8.La liquidazione concorsuale


In tema di disciplina fiscale del fallimento, occorre distinguere tra:
- periodi d’imposta prefallimentari (interamente trascorsi);
- segmento temporale prefallimentare, che va dall’inizio del periodo d’imposta in corso nel momento della
dichiarazione di fallimento alla data di dichiarazione del fallimento;
- periodo d’imposta fallimentare, che va dall’inizio della proceduta alla chiusura.
La dichiarazione di fallimento interrompe il periodo d’imposta in corso, il cui reddito è determinato in base
al bilancio redatto dal curatore o dal commissario liquidatore.
Il curatore ha l’obbligo di presentare la dichiarazione relativa a tale segmento temporale, entro il decimo
mese dalla nomina.
Il reddito determinato e dichiarato dal curatore concorre a formare il reddito complessivo
dell’imprenditore, dei familiari partecipanti all’impresa e dei soci relativo al periodo d’imposta in corso.
Dall’inizio alla chiusura del fallimento si ha, fiscalmente, un unico periodo d’imposta, ed il relativo reddito è
costituito dalla differenza tra il residuo attivo e il patrimonio netto dell’impresa o della società all’inizio del
procedimento determinato in base ai valori fiscalmente riconosciuti.
Il curatore, entro dieci mesi dalla chiusura del fallimento, deve presentare la dichiarazione finale, previo
versamento dell’imposta sul reddito delle persone giuridiche, che fosse in ipotesi dovuta.
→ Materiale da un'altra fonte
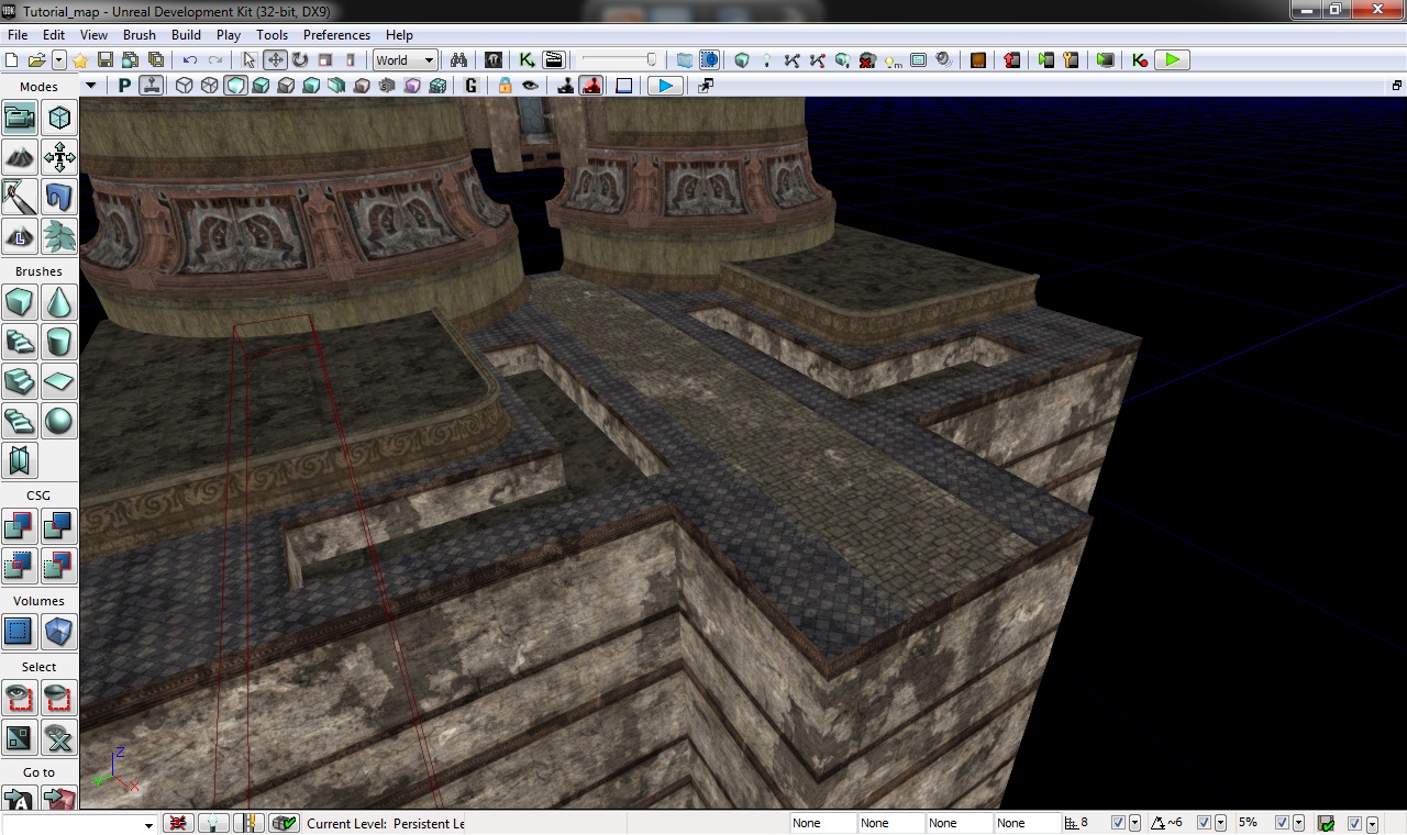 Пришло время брашей за бордюрами. Для них мы используем текстуру земли, которая находится в UN_Terrain и называется Dirt_04. Но для начала, можно подметить, что там, где мы экструдировали эти браши, есть три разные поверхности, квадратная текстура которых не выровненная (как следствие, любая текстура на браше будет не выровненной), и ее надо выровнять. Сделать это можно, если выбрать все три поверхности, и в их свойствах, на панели Alignment, выбрать в списке пункт Planar и применить его с помощью Apply. Квадратики тут же станут будто одной текстурой. Теперь примените материал, указанный выше, на все три части поверхности (а теперь представьте себе, что у вас поверхностей куда больше, и нужно на каждый перенести текстуру, и поймете все предостережения насчет количества поверхностей, которые я оставлял ранее) и поменяйте его масштаб на 2.00. Как и большинство объектов в редакторе, текстуры можно копировать с поверхности на поверхность с помощью стандартного Ctlr+C Ctrl+V, причем их свойства, такие как масштаб или выравнивание, сохраняются. Выделите затекстуренную поверхность, скопируйте, выделите незатекстуренную, вставьте (текстура будет применяться на все выделенные поверхности). Примените эту же текстуру на дно ваших бассейнов.
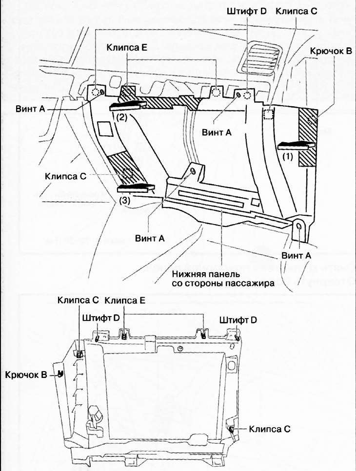 4. Trzymając za zacienione miejsca na rysunku i pociągając panel dolny po stronie pasażera w kierunku strzałek w kolejności (1), (2), (3) zdemontować go odłączając hak B, zaciski C, kołki D i klipsy E.
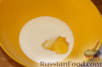 Растопить маргарин в микроволновке и добавить его к яично-молочной смеси.
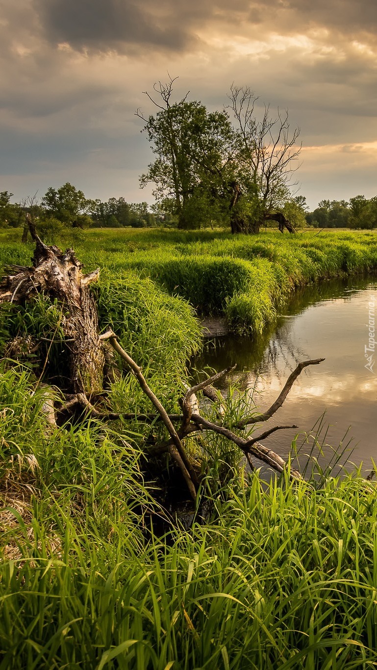 Edytor tapety: Brzeg rzeki porośnięty trawą
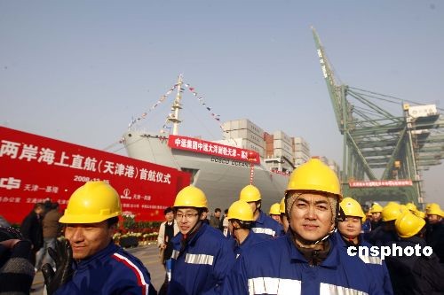 12月15日,海峡两岸海上直航首航仪式在天津市天津港举行。据悉,当日举行首航仪式的,大陆有天津、上海、太仓、福州、厦门、泉州6个港口,台湾有基隆、高雄2个港口,参加首航的船公司13家,其中大陆9家公司15艘船舶,台湾4家公司5艘船舶。中新社发 盛佳鹏 摄
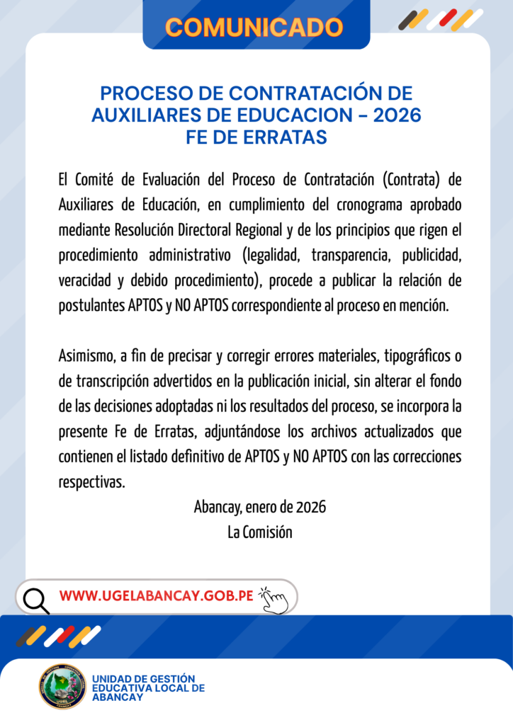 RESULTADO FINAL CAS Nº 02-2021-UGEL Ab./FE DE ERRATAS.
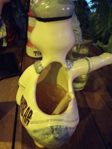 Cómo es un bar tiki poner mucho hincapié en la decoración especialmente en los vasos llamados tiki Mug, son muy lindos tienen lobos marinos tienen una forma del pato de punta mogotes tiene los clásicos que parecen cabezas de la isla de Pascua.

Capitolo Ventiduesimo. L’IMPOSTA SUL VALORE AGGIUNTO

1.Origine e natura dell’Iva


L’imposta sul valore aggiunto è stata ideata in sede europea ed è stata poi introdotta in tutti gli Stati
membri della Comunità. In Italia è stata istituita nel 1972.
L’Iva appartiene alla categoria delle imposte sui consumi, che possono assumere diverse forme:
- vi sono imposte “monofase” e “plurifase”: le prime sono applicate una sola volta, le seconde a più fasi del
processo produttivo-distributivo;
- le imposte plurifase possono essere cumulative (o “a cascata”), se il tributo dovuto in ciascuna fase si
somma agli altri; o sul valore aggiunto, se i diversi prelievi non si cumulano, ma colpiscono solo il valore che
ciascuna fase aggiunge al bene.
L’imposizione sul valore aggiunto viene ritenuta preferibile a quella “a cascata”, perché l’imposta “a
cascata” non è neutrale rispetto alla tassazione complessiva di una merce. Inoltre, favorisce le aziende
integrate colpendo di più quelle specializzate.
L’Iva, invece, grava sul consumatore in proporzione del prezzo finale del bene, ed è neutrale rispetto al
numero di passaggi.
Il Trattato istitutivo della Comunità europea vieta agli Stati:
- di applicare ai prodotti provenienti da altro Stato membro tributi superiori a quelli che gravano sui
prodotti nazionali;
- di favorire le esportazioni accordando rimborsi dei tributi prelevati nello Stato in misura superiore
all’ammontare effettivamente riscosso.
Entrambi questi princìpi postulano che sia possibile calcolare esattamente l’imposizione che grava su di una
merce.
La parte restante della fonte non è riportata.